My theory is that the order of action in the connection shutdown might be at fault. Try it with the change I just pushed and see whether that helps.
That seems to have worked - but I'm not sure if its correct. The stream times out (I'm guessing the server closes the connection), but Body is a partial response, and no error is returned (err is nil). I'm unsure if this is a problem with the library or the server (or anywhere inbetween), but it seems to me this should return an error at least (timed out, or incomplete).
Here is the new response:
[2015-01-08T14:40:45.407-08:00] [GEARD] [download.go:307] [INFO] Making request...
(spdy debug) 2015/01/08 14:40:45 Requesting "https://www.googleapis.com:443/" over SPDY.

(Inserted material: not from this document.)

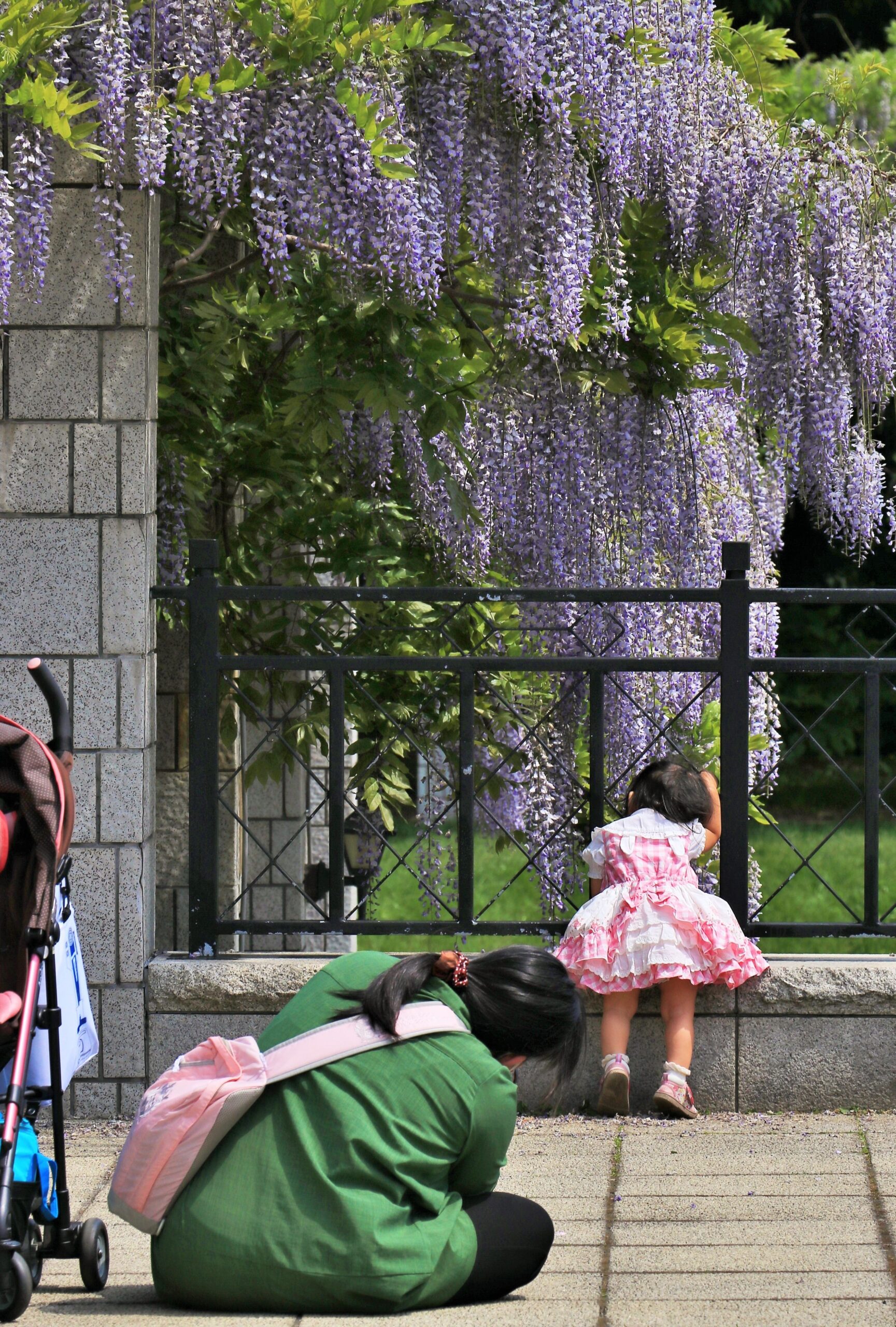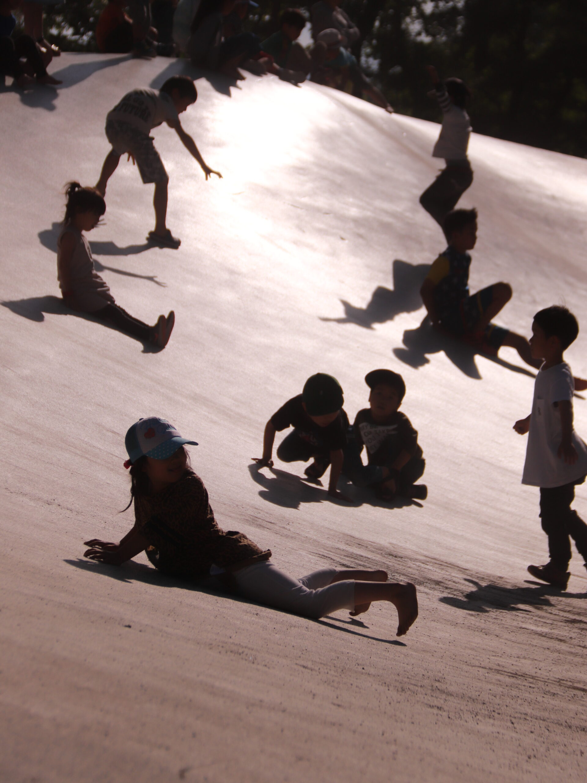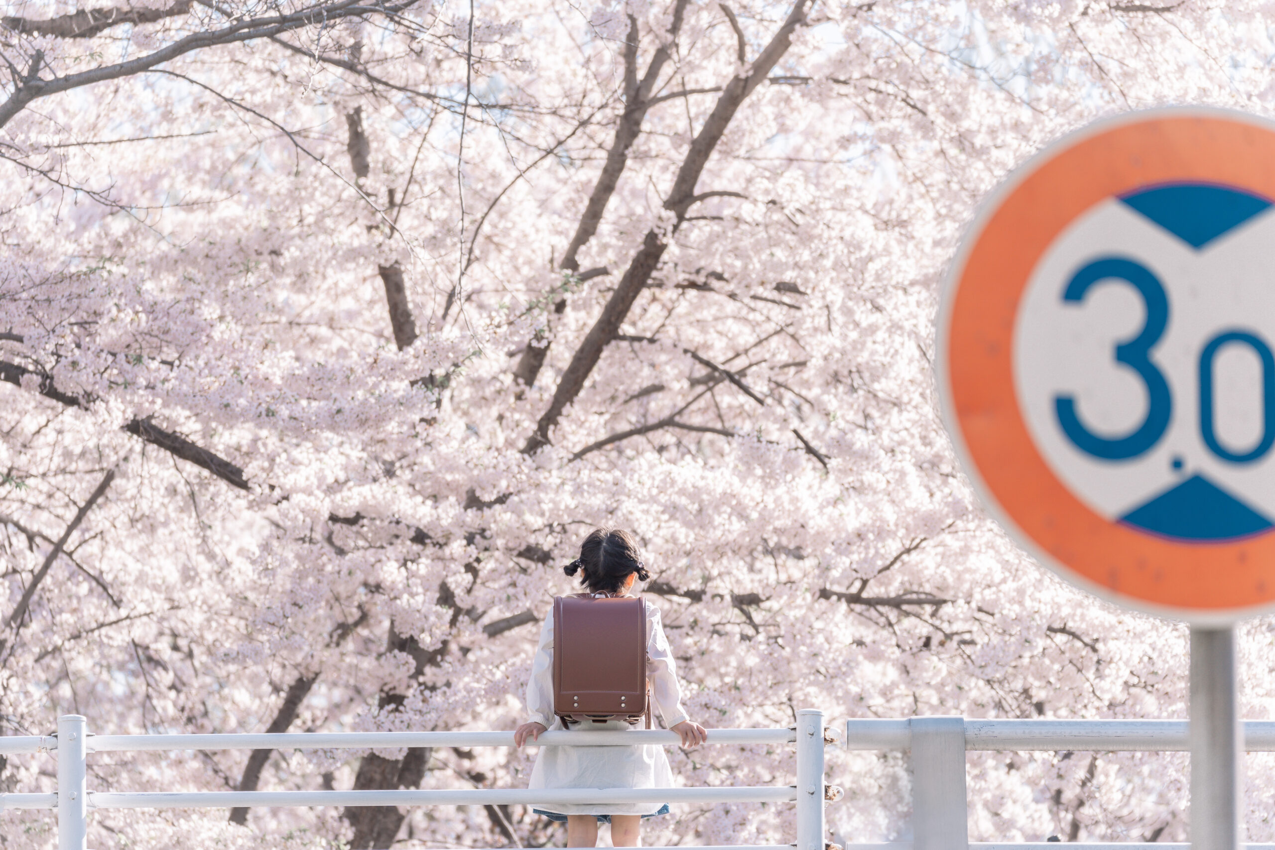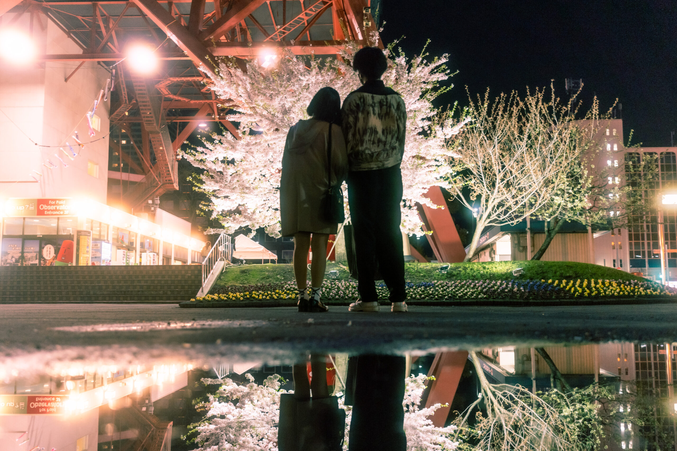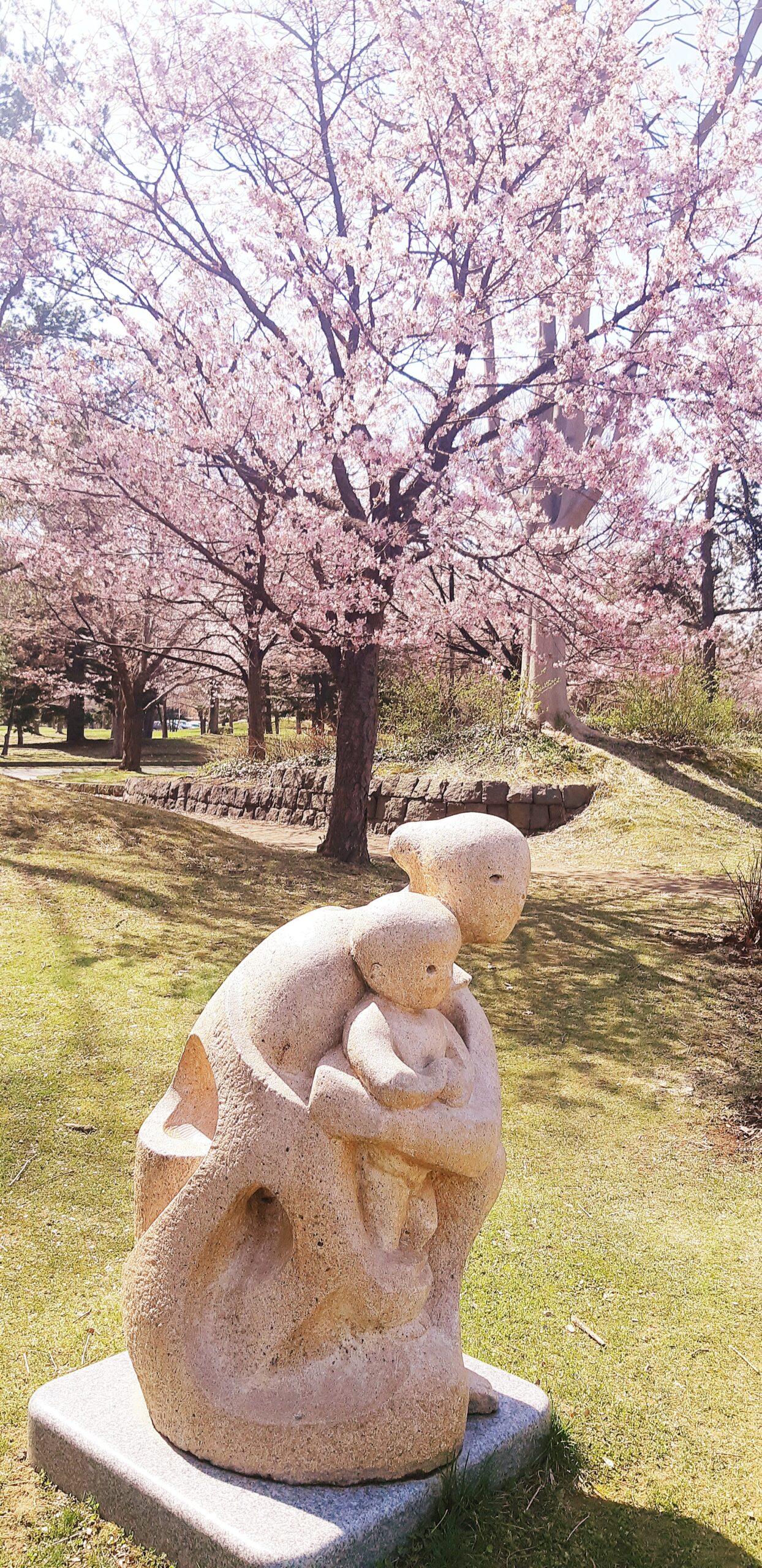 桜咲き誇る春の自然と幾何学形状を模した遊具や建物の芸術融合。自然と人工物の調和がそこにはありました。
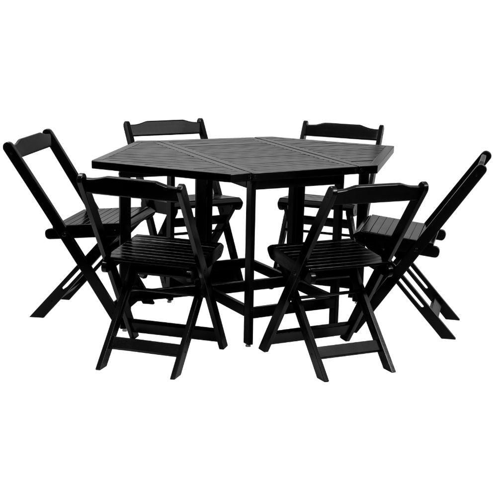 Conjunto Dobrável Em Madeira Maciça De Eucalipto Rosa Acompanha 6 Cadeiras Pratico E Durável Com Furo Para Ombrelene

(spdy debug) 2015/01/08 14:40:45 Sending SYN_STREAM:
(spdy debug) 2015/01/08 14:40:45 SYN_STREAM {
Version: 3
Flags: common.FLAG_FIN
Stream ID: 39
Associated Stream ID: 0
Priority: 2
Slot: 0
Header: http.Header{":method":[]string{"GET"}, ":path":[]string{""}, ":version":[]string{"HTTP/1.1"}, ":host":[]string{"www.googleapis.com"}, ":scheme":[]string{"https"}}
}
(spdy debug) 2015/01/08 14:40:46 Receiving SYN_REPLY:
(spdy debug) 2015/01/08 14:40:46 SYN_REPLY {
Version: 3
Flags: [NONE]
Stream ID: 39
Header: http.Header{"Cache-Control":[]string{"private, max-age=300, must-revalidate, no-transform"}, "Server":[]string{"GSE"}, "X-Xss-Protection":[]string{"1; mode=block"}, "Content-Type":[]string{"application/json; charset=UTF-8"}, "Expires":[]string{"Thu, 08 Jan 2015 22:40:45 GMT"}, "X-Content-Type-Options":[]string{"nosniff"}, "X-Frame-Options":[]string{"SAMEORIGIN"}, ":status":[]string{"200 OK"}, ":version":[]string{"HTTP/1.1"}, "Alternate-Protocol":[]string{"443:quic,p=0.02"}, "Vary":[]string{"Origin", "X-Origin"}, "Content-Length":[]string{"5820"}, "Date":[]string{"Thu, 08 Jan 2015 22:40:45 GMT"}, "Etag":[]string{"\"F9iA7pnxqNgrkOutjQAa9F2k8HY/uDgBEKga491tbdtqT08CJEKkW-0\""}}
}
(spdy debug) 2015/01/08 14:40:46 Receiving DATA:
(spdy debug) 2015/01/08 14:40:46 DATA {
Stream ID: 39
Flags: [NONE]
Length: 1270
Data: [7b 0a 20 22 6b 69 6e 64 22 ... 20 7b 0a 20 20 20 22 6b 69]
}
(spdy debug) 2015/01/08 14:46:16 Receiving RST_STREAM:
(spdy debug) 2015/01/08 14:46:16 RST_STREAM {
Version: 3
Stream ID: 39
Status code: INTERNAL_ERROR
}
(spdy) 2015/01/08 14:46:16 processing.go:45: Warning: Received INTERNAL_ERROR on stream 39. Closing connection.
(spdy debug) 2015/01/08 14:46:16 Sending GOAWAY:
(spdy debug) 2015/01/08 14:46:16 GOAWAY {
Version: 3
Last good stream ID: 0
Status code: (0)
}
(spdy debug) 2015/01/08 14:46:16 Sending RST_STREAM:
(spdy debug) 2015/01/08 14:46:16 RST_STREAM {
Version: 3
Stream ID: 39
Status code: CANCEL
}
[2015-01-08T14:46:16.261-08:00] [GEARD] [download.go:317] [ERROR] Failed to unmarshal: unexpected end of JSON input
[2015-01-08T14:46:16.262-08:00] [GEARD] [download.go:307] [INFO] Making request...
(next request succeeds)
From (spdy debug) 2015/01/08 14:40:46 Receiving DATA: to (spdy debug) 2015/01/08 14:46:16 Receiving RST_STREAM: theres a 5 minute gap, and in the DATA frame only 1270 bytes were received, while the server reported in the headers that the content size is 5820.
Does SPDY not have the capability to detect incomplete streams? I'm reading over the spec & implementation now.
You're right, I don't think I'm passing on the error correctly. I'll look into that. From what I remember it's an implementation factor rather than a factor of the protocol.
I'll add error passing tomorrow since it'll take more time than I have this evening.
Latest commit adds some error passing. Timeout logic is a todo.